È stato Andrea Fedrizzi, responsabile marketing di Melinda, a controbattere dalla platea ai vertici del Pastificio Rana. “Oggi porto a casa stimoli e conferme – ha dichiarato – bisogna ispirarsi a quello che fa bene l’industria, consapevoli però dei limiti che abbiamo. Siamo convinti che il consumatore sia disposto a pagare di più per un prodotto di alta qualità, ma oggi la tecnologia e la natura non ci permettono ancora di garantire al 100% la qualità del prodotto. È lo scalino che distingue ancora l’ortofrutta dal prodotto industriale. Poi dobbiamo fare tutti un mea culpa: il settore comunica poco e male. La percentuale destinata a marketing e comunicazione nell’industria – ha concluso Fedrizzi – è molto più alta rispetto a quella del settore ortofrutta”.
Ma in ortofrutta ci sono i “capitani di categoria”?
Giovanni Rana Jr ha parlato a più riprese di “capitani di categoria”, un termine che è piaciuto molto alla platea, perché va oltre l’essere leader. Ma quali sono i capitani di categoria in ortofrutta? Quali sono le marche riconosciute dal consumatore finale, quelle di cui la Gdo non può fare a meno? Ecco su questo aspetto c’è ancora molto da fare. Perché se Rana nelle trattative con la Gdo può sostanzialmente “sfidare” il buyer e imporre lei i prezzi, lo stesso non si può dire per le aziende dell’ortofrutta, che devono piuttosto subire i prezzi imposti dai buyer. E qui non si salva nessuno, se la stessa Melinda, come ha raccontato Andrea Fedrizzi, perse un cliente importante per molti anni per aver provato ad alzare il livello della trattiva.
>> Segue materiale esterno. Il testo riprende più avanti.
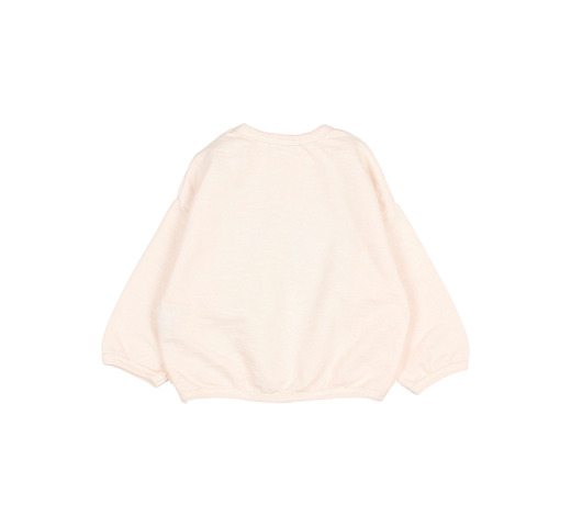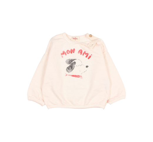 Zachte sweater van biologisch katoenen fleece met Mon Ami-motief op de borst. Ronde hals met houten knoopsluiting op de schouder.

Buyer che non va considerato come un nemico ma come un amico, essendo una parte dello stesso ingranaggio che porta al consumatore finale. Un partner come spesso viene definito. Ed è questa la forza e l’ambizione del nuovo corso di Spettacoli alla Frutta: fare rete e sinergia per trovare soluzioni concrete per ingaggiare e stimolare il consumatore finale, perché insieme si possono fare cose che da soli sarebbero impensabili. E alcune prime ipotesi sono emerse dai gruppi di lavoro del simposio di Mantova, ipotesi che potranno essere affinate e scaricate a terra in vista del secondo simposio, che si svolgerà a novembre da Melinda in Val di Non, dove è in corso di completamento il nuovo Mondo Melinda con la prima funivia delle mele al mondo. Quale migliore fonte di ispirazione?